Let’s see some examples from actual Apache logs. Referrer data is in the second block between double quotes.

  • “GET /cdn-cgi/l/www.google.com HTTP/1.1” “www.google.com” – the Google URL does not start with “http” or “https”, so it is a fake referrer and should be blocked.
  • “GET / HTTP/1.1” “toto” – now this is someone trying to be funny. Dude, you’re not allowed here.

Here’s how to block bad referrers with the .htaccess file.

First, whitelist all your custom error pages (if you have some) with REQUEST_URI. This is for preventing possible loops and 500 errors.
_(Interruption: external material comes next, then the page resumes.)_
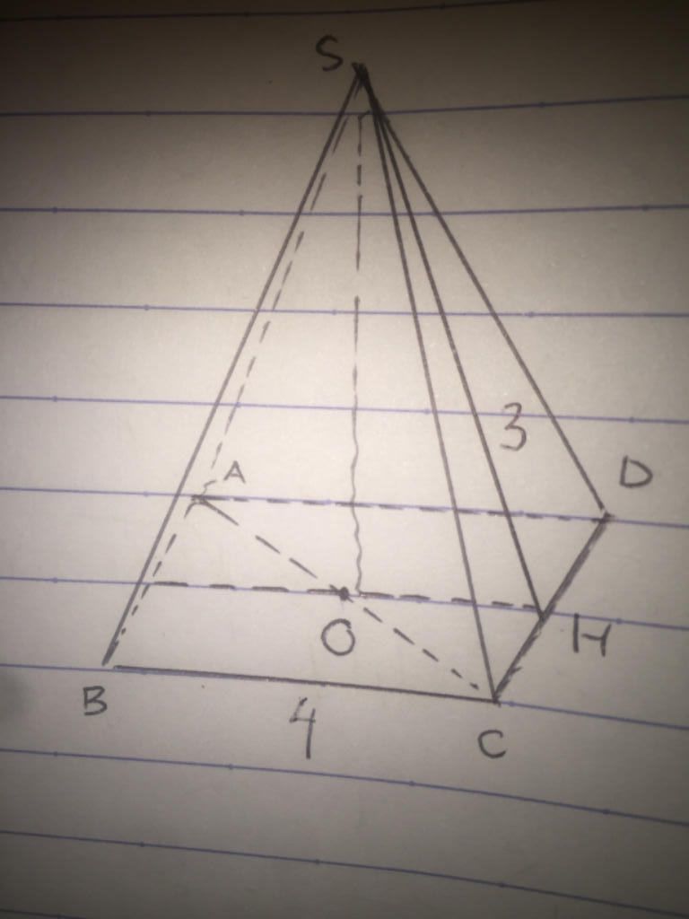 Xét hình chóp đều $S.ABCD$, $O$ là tâm đáy, $H$ là trung điểm $CD$

Second, whitelist a blank referrer and how all known good referrers begin. Use the [NC] (no case) flag for referrers starting with “http”, because a typical user does not know that an URL starts in lowercase (http://yoursite.com, not HTTP://yoursite.com or Http://yoursite.com). Such uppercase stuff usually creates a redirection request, so the referrer data can contain uppercase letters in protocol type.

Please do note that Apache has only one letter “R” in the middle of HTTP_REFERER header for RewriteCond.

Let’s see an example:

## Block suspicious referrer activity example by winhelp.info
# Add your custom error pages to prevent loops
RewriteCond %{REQUEST_URI} !badreferrer\.html$
# Blank referrer is permitted
RewriteCond %{HTTP_REFERER} !^-?$
# Exclude known good referrers
RewriteCond %{HTTP_REFERER} !^about
RewriteCond %{HTTP_REFERER} !^android-app
RewriteCond %{HTTP_REFERER} !^file
RewriteCond %{HTTP_REFERER} !^http
RewriteCond %{HTTP_REFERER} !^read
# Block the request
RewriteRule ^.*$ - [F,L]

These rules above basically say: if the requested URL is not this and referrer is not blank and referrer does not start with this and this, etc… then block the request with 403 error and stop processing other rules.

There are – of course – ways around the previous example, and the most common ones are IP-addresses (for example, http://11.22.33.44) and fake google.com referrers (such as https://www.google.com/blank.html)

Here’s how to make your referrer detection a tad more powerful:

## Block bad referrer strings example by winhelp.info
# Add your custom error pages to prevent loops
RewriteCond %{REQUEST_URI} !badreferrer\.html$
# Common fake URL-s
RewriteCond %{HTTP_REFERER} /blah/ [NC,OR]
RewriteCond %{HTTP_REFERER} /blank\.html [NC,OR]
# Prevent double .com in referrer string, such as google.comfacebook.com
RewriteCond %{HTTP_REFERER} \.com.*\.com [NC,OR]
# Prevent using just http:// and https:// without anything following as a referrer
RewriteCond %{HTTP_REFERER} ^http(s)?://$ [NC,OR]
# Block referrers with IP-addresses (often trying to look like your own server's public IP)
RewriteCond %{HTTP_REFERER} ^http(s)?://\d\d [NC,OR]
# Known fake google.com referrer
RewriteCond %{HTTP_REFERER} foobar$ [NC]
# Block the request
RewriteRule ^.*$ - [F,L]

You can also redirect such requests to a simple, informative HTML page instead of blocking them by replacing the last line with RewriteRule .* /badreferrer.html? [R,L] . The question mark in the end removes all queries from the URL – for example, hacking attempts often use queries to do code or SQL injections and other bad stuff.

Please remember to add the <meta content=”noindex, nofollow, noarchive” name=”robots”> line to the head section of your error page to prevent Google, Bing, and other search robots from indexing it. You might also want to add analytics code to the page if you use such services.